[Stored entries]
%%

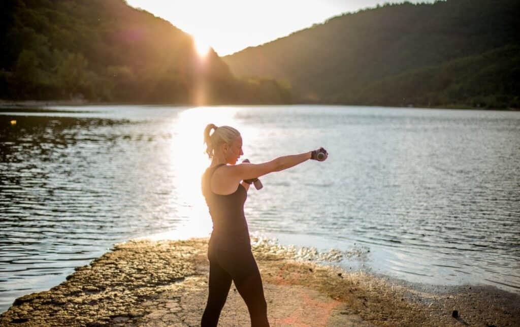alt="Une femme fait du kickboxing à côté d'un lac" class="wp-image-8481" style="width:768px;height:483px">Le syndrome d’ovaires poly kystiques pourrait être à l’origine de votre prise de poids – pas la course à pied
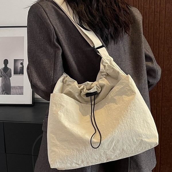 女式大容量拉链抽绳托特包防水尼龙布褶皱单肩包休闲百搭斜挎包包
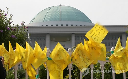 16일 오후 서울 여의도 국회 정문에 세월호 침몰사고에서 생존한 안산 단원고 2학년 학생들이 학교에서부터 국회까지 1박 2일간의 도보행진을 마치며 꽂아둔 노란 깃발 'REMEMBER(리멤버) 2014.04.16', '잊지않을께 사랑해' 등이 바람에 날리고 있다. 2014.7.16
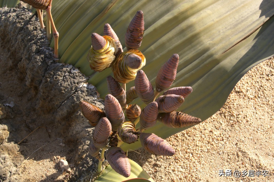 百岁叶具有两片极为长寿的叶子,野外植株的叶片通常会碎裂成许多条状物,让人无法看出他们原来是两片叶子。
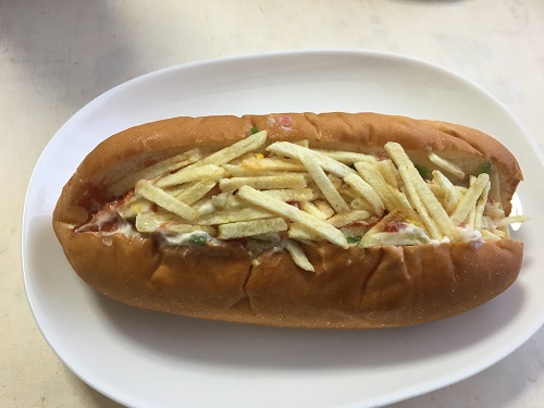 ビネグレットとソーセージ、その上に細切りしたジャガイモ。

%%

• _Exercise objective_
From the line with "女式大容量拉链抽绳托特包防水尼龙布褶皱单肩包休闲百搭斜挎包包" down to the last line of the entries above, set down every line exactly, apart from the pictures.

• _Answer to the problem_
 女式大容量拉链抽绳托特包防水尼龙布褶皱单肩包休闲百搭斜挎包包
 16일 오후 서울 여의도 국회 정문에 세월호 침몰사고에서 생존한 안산 단원고 2학년 학생들이 학교에서부터 국회까지 1박 2일간의 도보행진을 마치며 꽂아둔 노란 깃발 'REMEMBER(리멤버) 2014.04.16', '잊지않을께 사랑해' 등이 바람에 날리고 있다. 2014.7.16
 百岁叶具有两片极为长寿的叶子,野外植株的叶片通常会碎裂成许多条状物,让人无法看出他们原来是两片叶子。
 ビネグレットとソーセージ、その上に細切りしたジャガイモ。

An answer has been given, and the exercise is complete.